## Problem to solve
Only one stretch of the material below is wanted: everything from the line containing "ATPL - AIRLAW 3/4 (VIOLATIONS)" down to the line containing "newsrooms across Canada", both ends included. Repeat it exactly and skip the pictures.
** Opening Records supplied block **
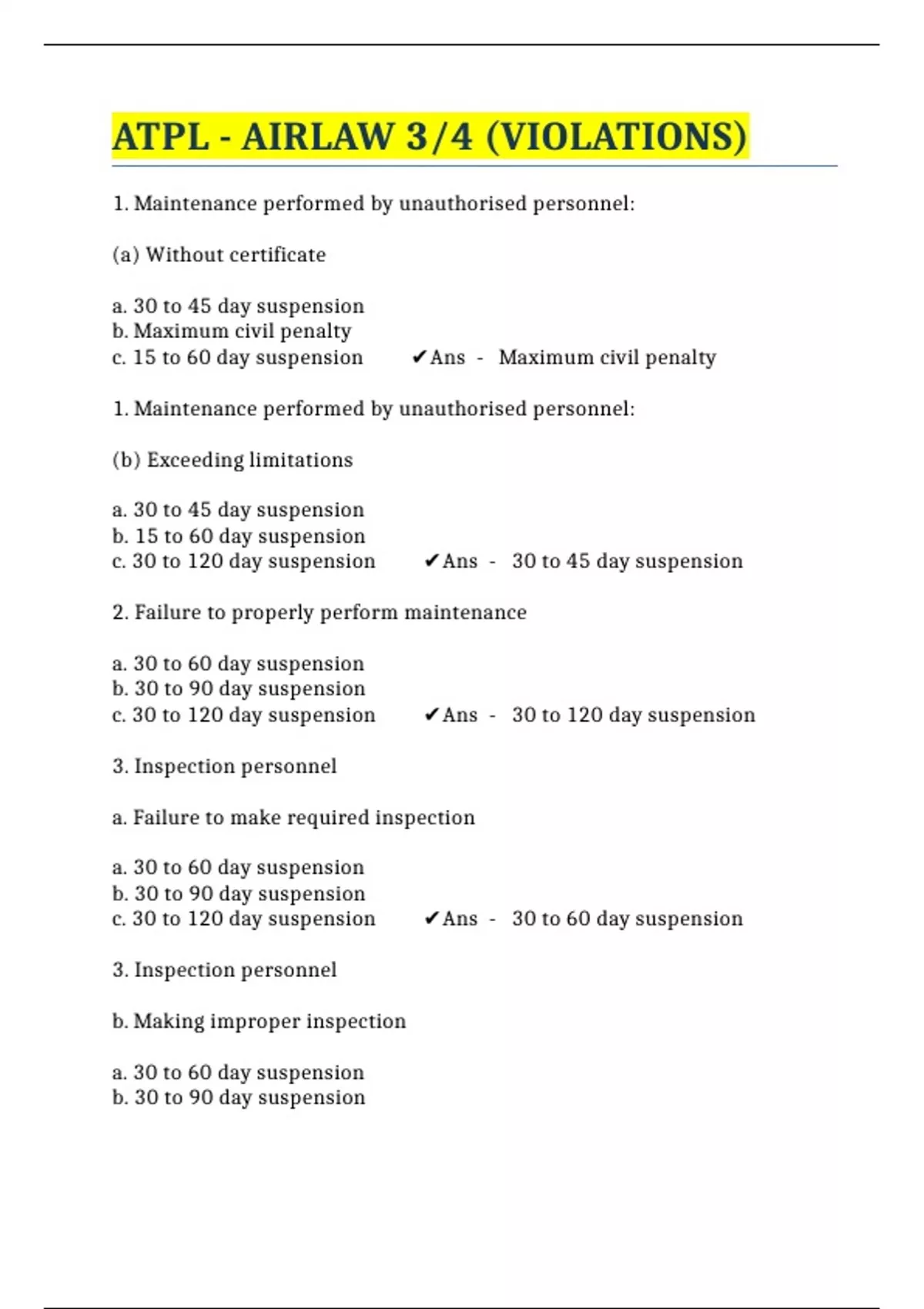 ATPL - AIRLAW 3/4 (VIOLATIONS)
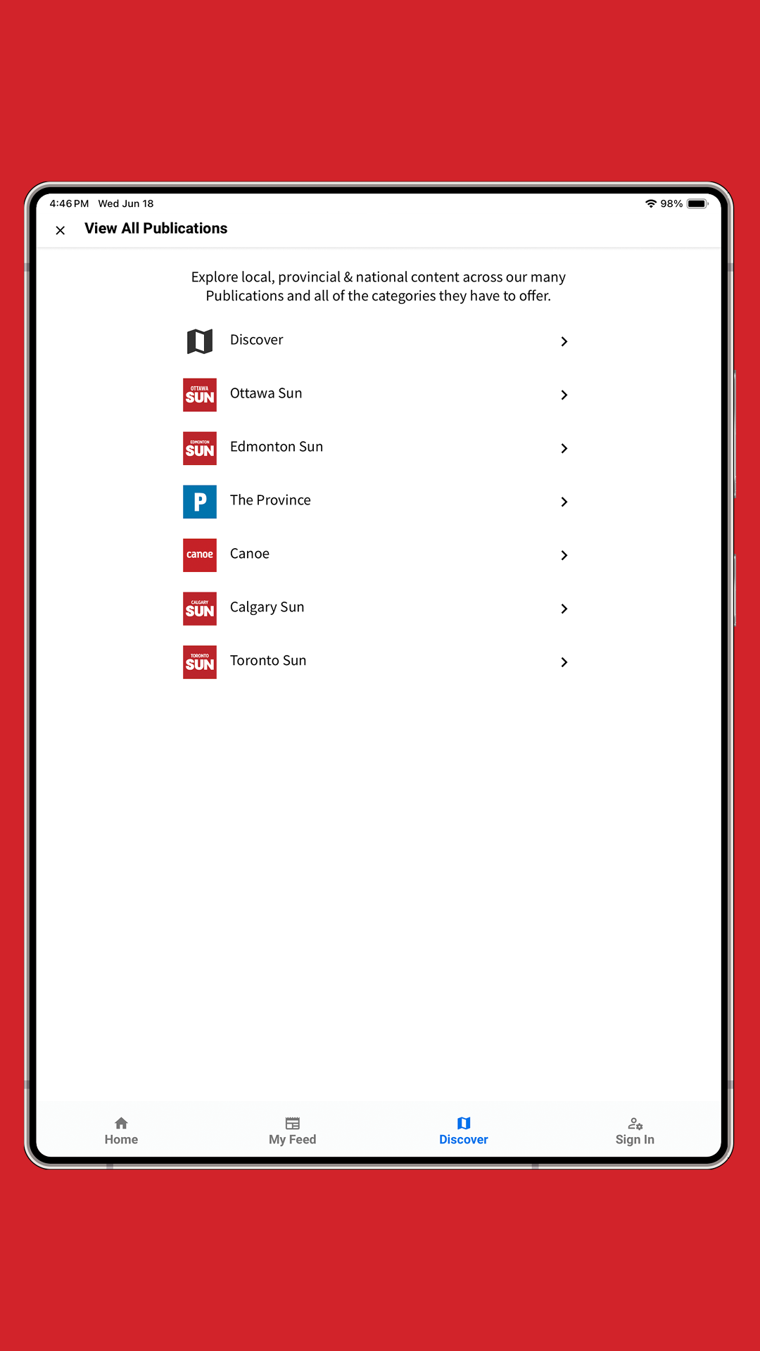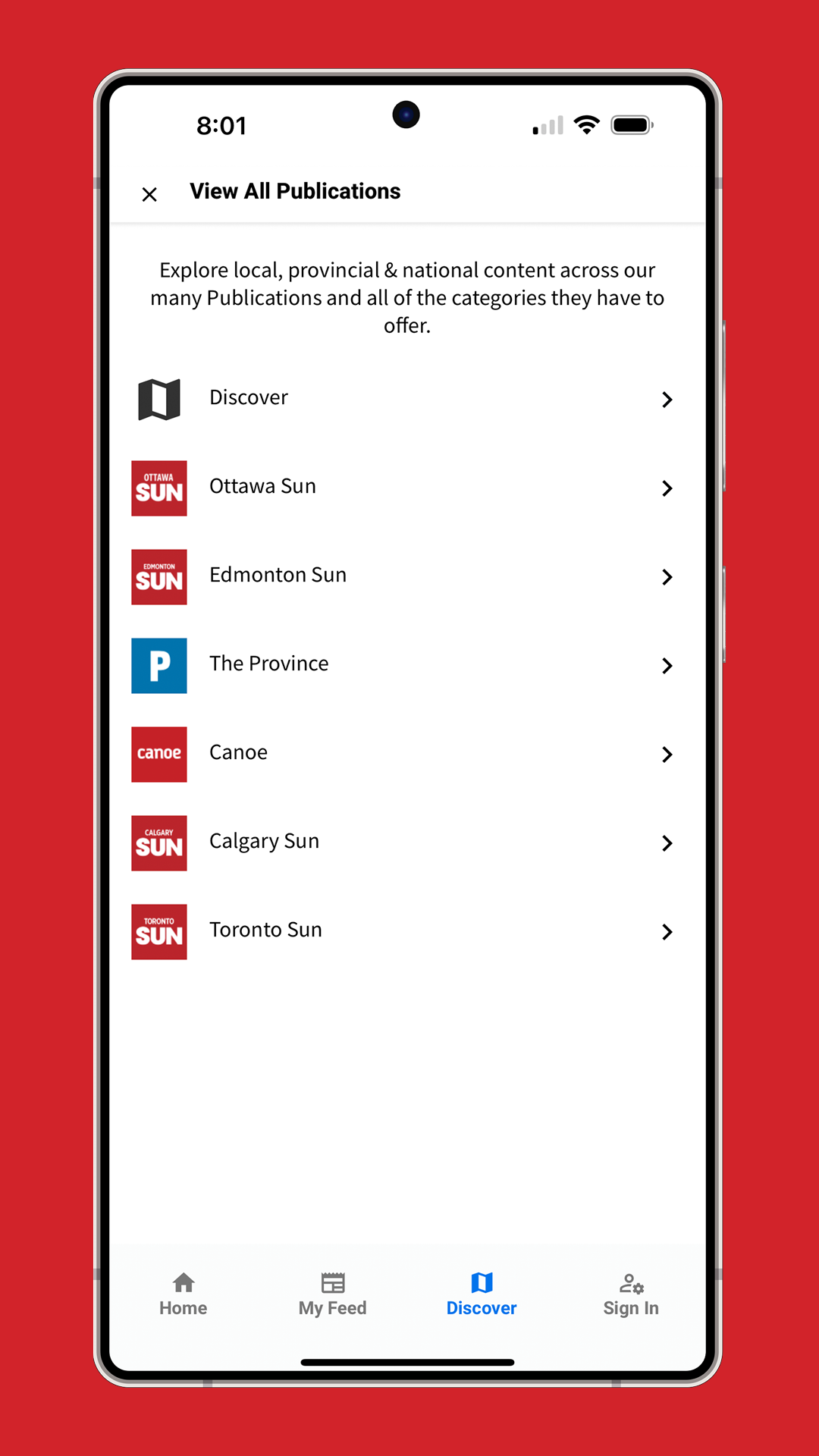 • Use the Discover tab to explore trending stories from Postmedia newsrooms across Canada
** Closing Records supplied block **
** Opening Records supplied block **
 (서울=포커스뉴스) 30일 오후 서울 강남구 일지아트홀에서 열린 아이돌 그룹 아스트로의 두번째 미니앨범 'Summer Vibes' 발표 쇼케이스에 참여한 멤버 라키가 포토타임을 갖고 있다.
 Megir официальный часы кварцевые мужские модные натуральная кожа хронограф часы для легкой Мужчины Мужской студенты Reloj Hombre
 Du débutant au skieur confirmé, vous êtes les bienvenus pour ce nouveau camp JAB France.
** Closing Records supplied block **
** Opening Records supplied block **
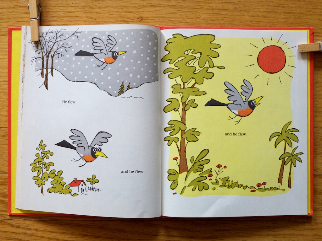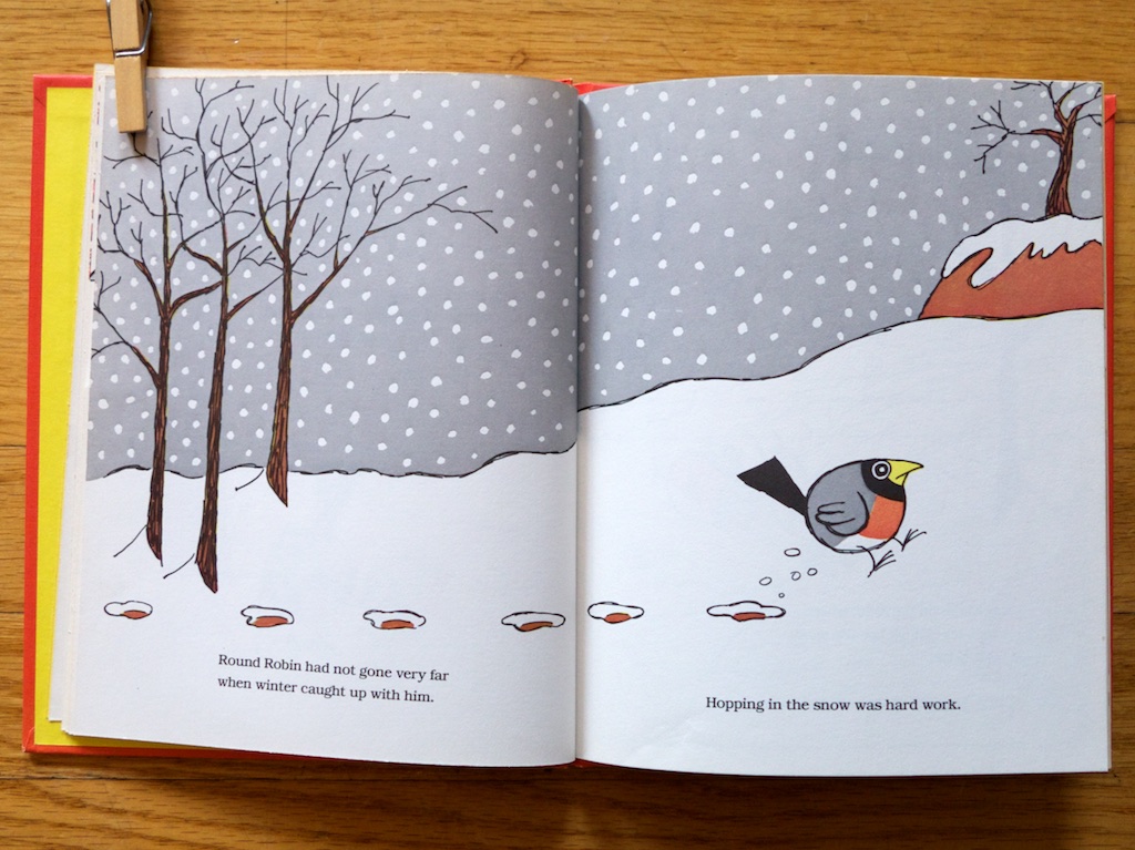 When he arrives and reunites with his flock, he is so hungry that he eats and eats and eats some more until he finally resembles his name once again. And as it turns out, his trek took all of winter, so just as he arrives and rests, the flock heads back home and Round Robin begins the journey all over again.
** Closing Records supplied block **
## Result below
 ATPL - AIRLAW 3/4 (VIOLATIONS)
 • Use the Discover tab to explore trending stories from Postmedia newsrooms across Canada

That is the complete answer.